__EXERCISE DIRECTIONS__:
Without including any images, please transcribe all the lines below exactly.

__PROVIDED DATA__:
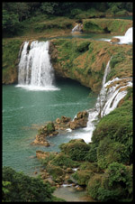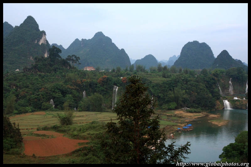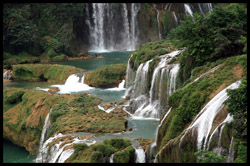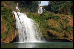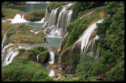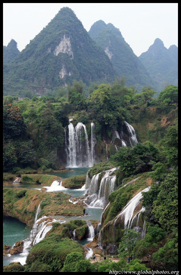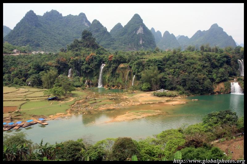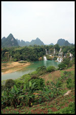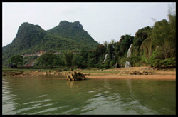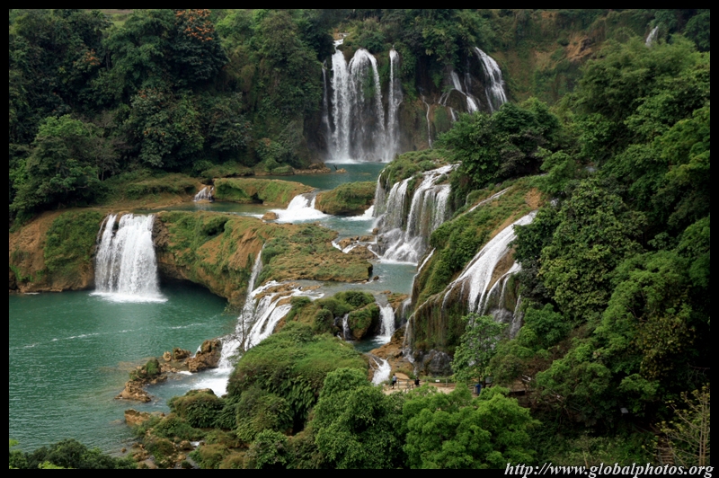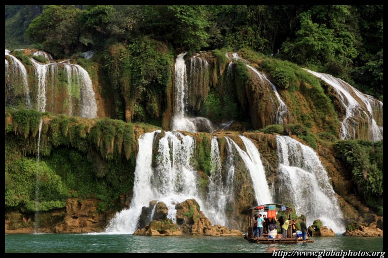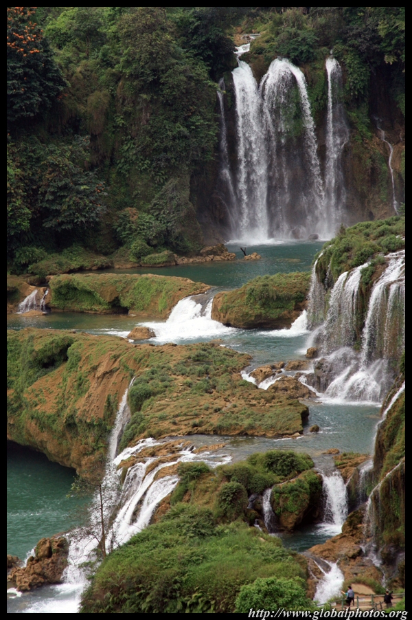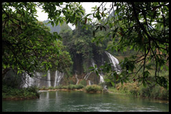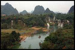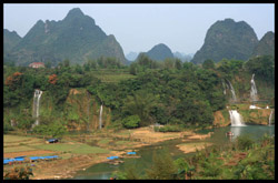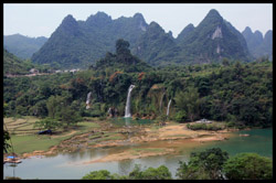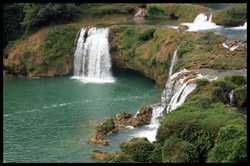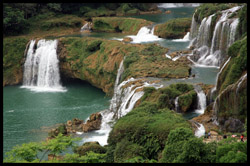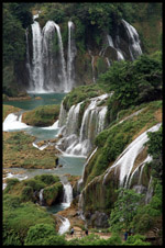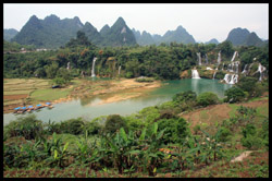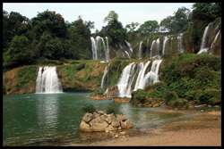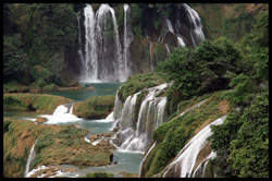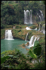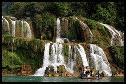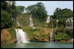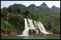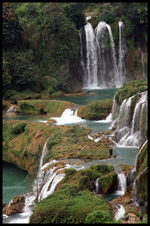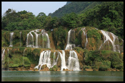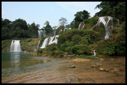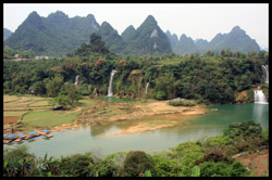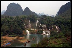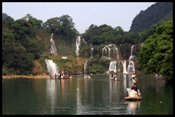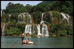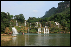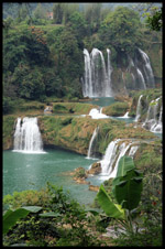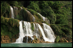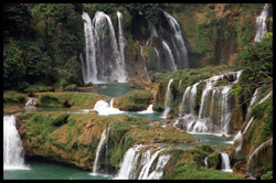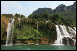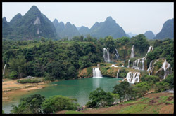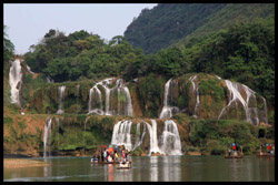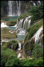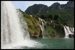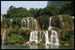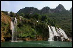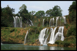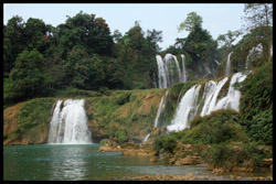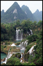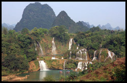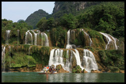 Detian Waterfalls straddles along the Vietnamese border and is the 4th largest transnational falls in the world. The 70m-drop is separated into several tiers and the falls is some 200m wide.
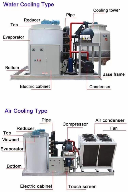 通過補水閥,水自動進入儲水箱,然後水通過流量控制閥被泵送到分流頭,水均勻地噴灑在製冰機表面,並像水幕一樣流過製冰機。水冷卻到冰點,未蒸發結冰的水會通過多孔水箱流入儲水箱,重新開始循環。
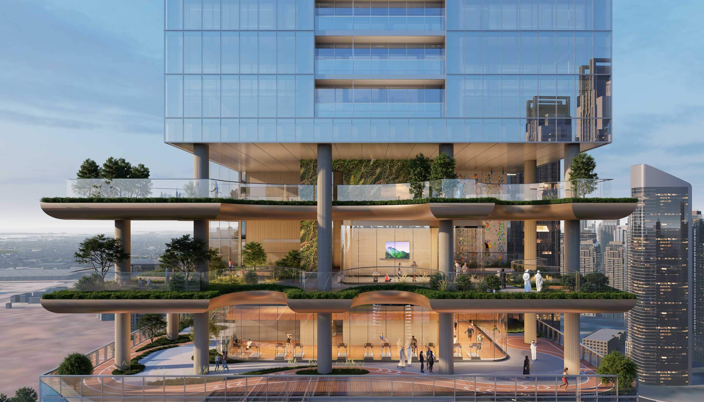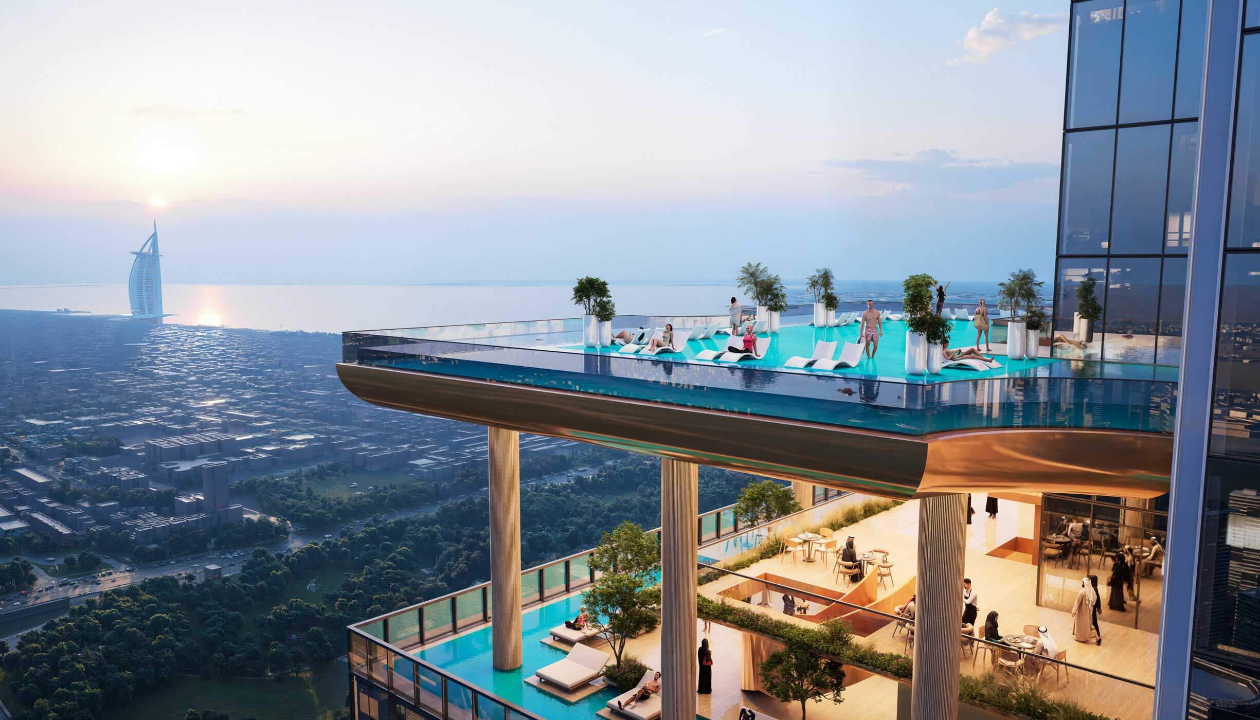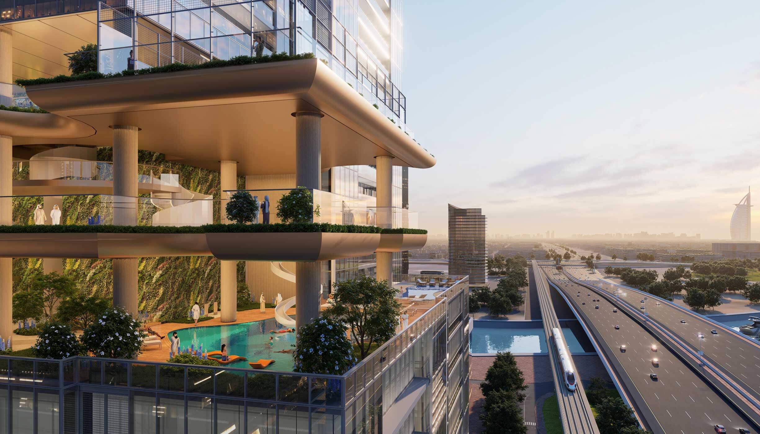 Residents enjoy more than 30 amenities across four themed SkyParks, including infinity pools, gyms, yoga decks, gardens, family areas, cinemas, and lounges, all with panoramic city and canal views.

__FINAL ANSWER__:
 Detian Waterfalls straddles along the Vietnamese border and is the 4th largest transnational falls in the world. The 70m-drop is separated into several tiers and the falls is some 200m wide.
 通過補水閥,水自動進入儲水箱,然後水通過流量控制閥被泵送到分流頭,水均勻地噴灑在製冰機表面,並像水幕一樣流過製冰機。水冷卻到冰點,未蒸發結冰的水會通過多孔水箱流入儲水箱,重新開始循環。
 Residents enjoy more than 30 amenities across four themed SkyParks, including infinity pools, gyms, yoga decks, gardens, family areas, cinemas, and lounges, all with panoramic city and canal views.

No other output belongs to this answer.